- 2005 ACC Tournament logo
- Classification: Division I
- Season: 2004–05
- Teams: 11
- Site: MCI Center Washington, D.C.
- Champions: Duke (15th title)
- Winning coach: Mike Krzyzewski (9th title)
- MVP: JJ Redick (Duke)

= 2005 ACC men's basketball tournament =

Basketball tournament

The 2005 Atlantic Coast Conference men's basketball tournament took place from March 10 to 13 in Washington, D.C., at the MCI Center. This was the first time the tournament was played in Washington itself, as the previous ACC Tournaments in the D.C. area were played in suburban Landover, Maryland, at the Capital Centre. Duke won the tournament, defeating Georgia Tech in the championship game. Duke's JJ Redick won the tournament's Most Valuable Player award.

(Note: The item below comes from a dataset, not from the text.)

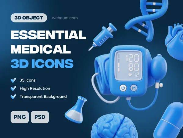 You’ll receive high-resolution 3D medical icons in a consistent blue style with transparent backgrounds, making them easy to integrate into any design system. Perfect for projects that require clarity, reliability, and a modern healthcare aesthetic.
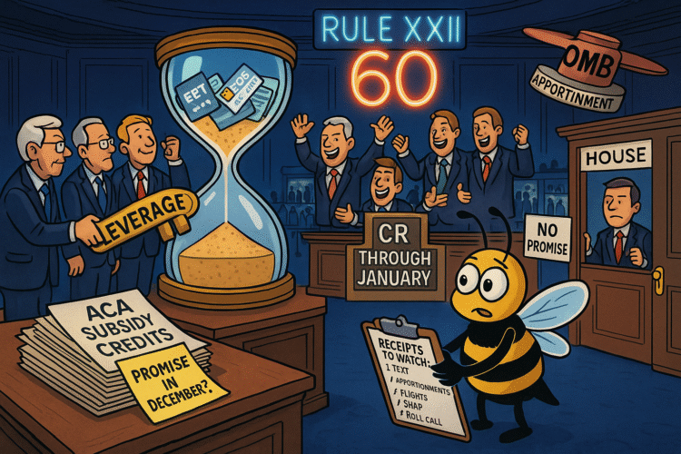 Here is the rulebook underneath the theater. To break a filibuster in the Senate requires sixty votes under Rule XXII. That threshold turns a minority into a brake. It turns a handful of defections into the difference between a talking point and law. When a party fractures, the rule does not comfort them. It exposes them. The shutdown’s purse strings still live where the Constitution put them, in Congress, but purse power means nothing if you agree to reopen the store with the cashier missing and a rain check instead of a product. The structure is old. The lesson keeps arriving fresh.

The 2005 ACC Tournament was the first, and only, ACC Tournament with 11 teams participating. Conference newcomers Miami and Virginia Tech participated in their first ACC tournament. Their debuts were unsuccessful, as both teams failed to win a game. The tournament expanded to 12 teams the following season, as Boston College joined from the Big East Conference.

Wake Forest's Chris Paul was suspended for his team's quarterfinal game against NC State for punching Julius Hodge in the groin in the season finale between the two teams. NC State took advantage of his absence, defeating Wake Forest en route to the semifinal round.